Perpetua Resources has also granted the underwriters an option to purchase up to an additional 3,693,300 common shares, representing up to 15 per cent of the number of common shares to be sold pursuant to the offering. The underwriters have 30 days from the closing of the offering to exercise the option. In the event that the option is exercised in full, the aggregate gross proceeds of the offering will be approximately $374-million (U.S.).

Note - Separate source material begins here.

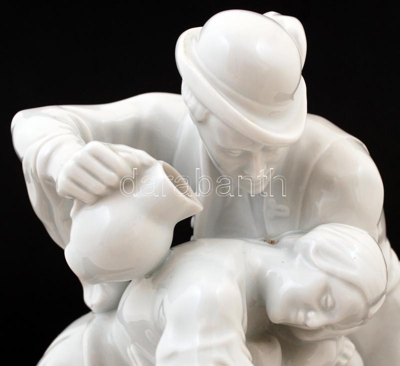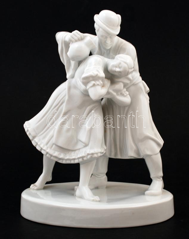 Leírás: Herendi Locsolkodás, fehér mázas, jelzett, hibátlan, m: 26 cm

Multilateral Instrument 61-101 disclosure
Paulson purchased 7,575,757 common shares under the private placement in partial exercise of its contractual participation right under the amended and restated investor rights agreement dated March 17, 2020, among Paulson, Idaho Gold Resources Company LLC (a subsidiary of the company) and the company. The private placement constituted a related party transaction under MI 61-101, Protection of Minority Security Holders in Special Transactions. The company relied on exemptions from the formal valuation and minority shareholder approval requirements of MI 61-101 pursuant to subsections 5.5(a) and 5.7(1)(a) thereunder. Prior to the offering, Paulson held 24,771,542 common shares, representing approximately 35 per cent of the outstanding common shares of the company. Following completion of the offering and private placement, Paulson beneficially owns 32,347,299 common shares, representing approximately 31 per cent of the company's outstanding common shares. The material change report in respect of the private placement will not be filed more than 21 days prior to the closing of the private placement due to timing of the announcement of the offering and private placement and the closing of such transactions occurring within less than 21 days thereafter.
About Perpetua Resources Corp.
Perpetua Resources, through its wholly owned subsidiaries, is focused on the exploration, site restoration and redevelopment of gold-antimony-silver deposits in the Stibnite-Yellow Pine district of central Idaho that are encompassed by the Stibnite gold project. The Stibnite gold project is one of the highest-grade, open-pit gold deposits in the United States, and is designed to apply a modern, responsible mining approach to restore an abandoned mine site and produce both gold and the only mined source of antimony in the United States. Perpetua Resources has been awarded a technology investment agreement of $59.2-million (U.S.) in Defense Production Act Title III funding to advance construction readiness and permitting of the Stibnite gold project. Antimony trisulphide from Stibnite is the only known domestic reserves of antimony that can meet U.S. defence needs for many small arms, munitions and missile types.